### AVAILABLE DATA
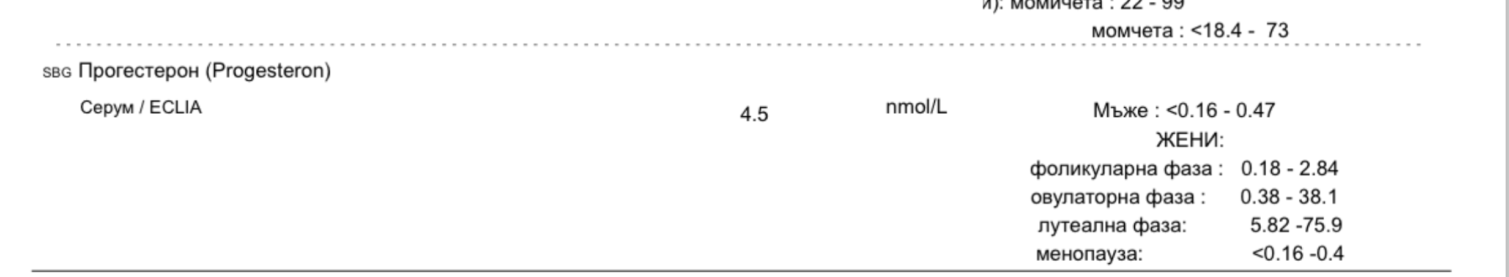 Пуснах хормони сутринта и съм притеснена, че прогестеронът е много висок - 4.83 nmol/l, което се равнява на 1.52 ng/ml.
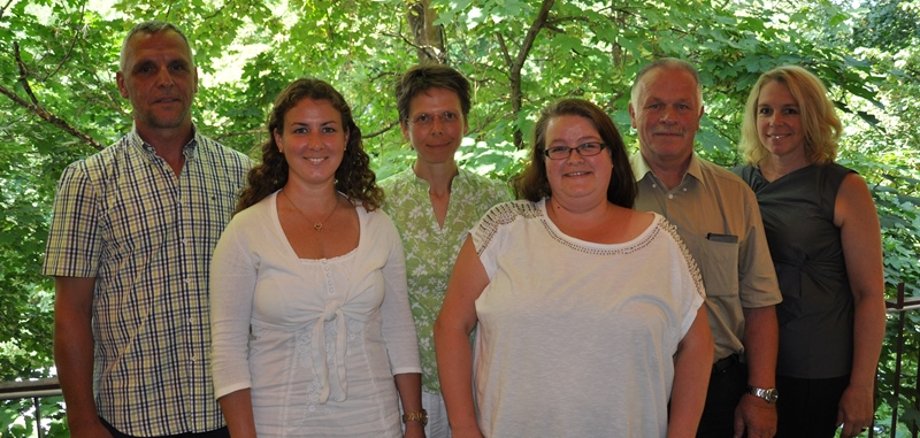 Foto oben: Oberbürgermeisterin Dr. Heike Kaster-Meurer (rechts) freut sich mit (v. l.) Guido Ragg (40 Jahre), Mareike Näher (Beförderung, Amtsleiterin Stadtkasse), Kerstin Püttmann (25 Jahre), Sonja Fenz (Höhergruppierung, neue Kita-Leitung Stromberger Straße) und Volker Bühler (40 Jahre).
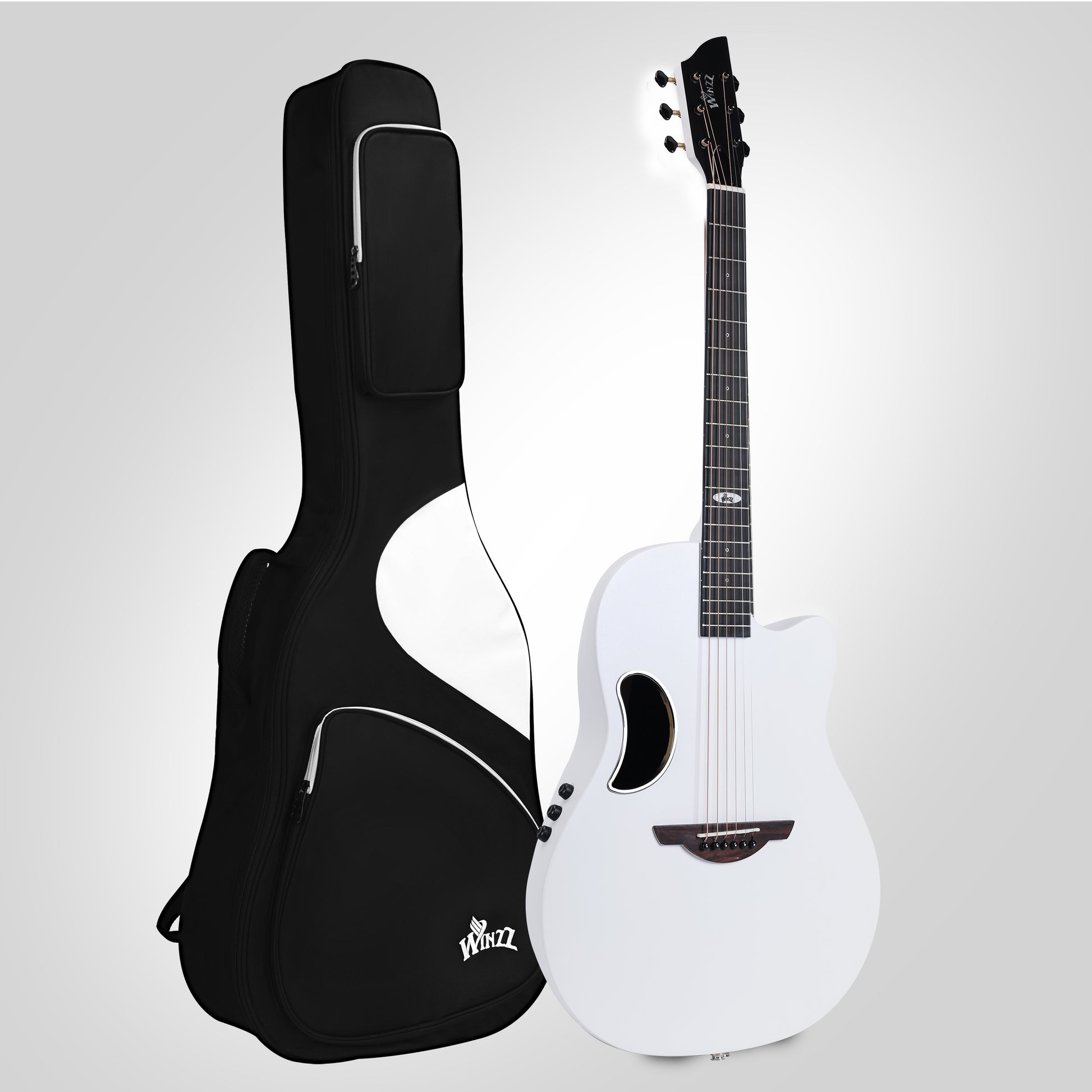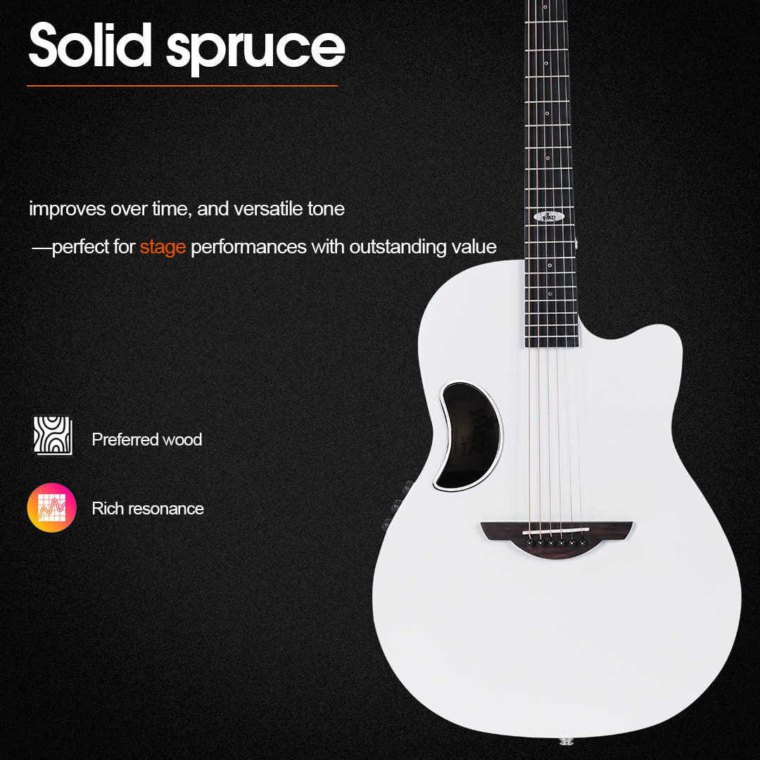 La guitarra blanca pura emite una luz violeta brillante bajo las luces del escenario, que recuerda a las estrellas centelleantes en el cielo nocturno, agregando una atmósfera misteriosa y encantadora a la actuación.

### ASSIGNED TASK
Please reproduce all the material exactly. Pictures stay out of the copy.

### RESULT OF THIS TASK
 Пуснах хормони сутринта и съм притеснена, че прогестеронът е много висок - 4.83 nmol/l, което се равнява на 1.52 ng/ml.
 Foto oben: Oberbürgermeisterin Dr. Heike Kaster-Meurer (rechts) freut sich mit (v. l.) Guido Ragg (40 Jahre), Mareike Näher (Beförderung, Amtsleiterin Stadtkasse), Kerstin Püttmann (25 Jahre), Sonja Fenz (Höhergruppierung, neue Kita-Leitung Stromberger Straße) und Volker Bühler (40 Jahre).
 La guitarra blanca pura emite una luz violeta brillante bajo las luces del escenario, que recuerda a las estrellas centelleantes en el cielo nocturno, agregando una atmósfera misteriosa y encantadora a la actuación.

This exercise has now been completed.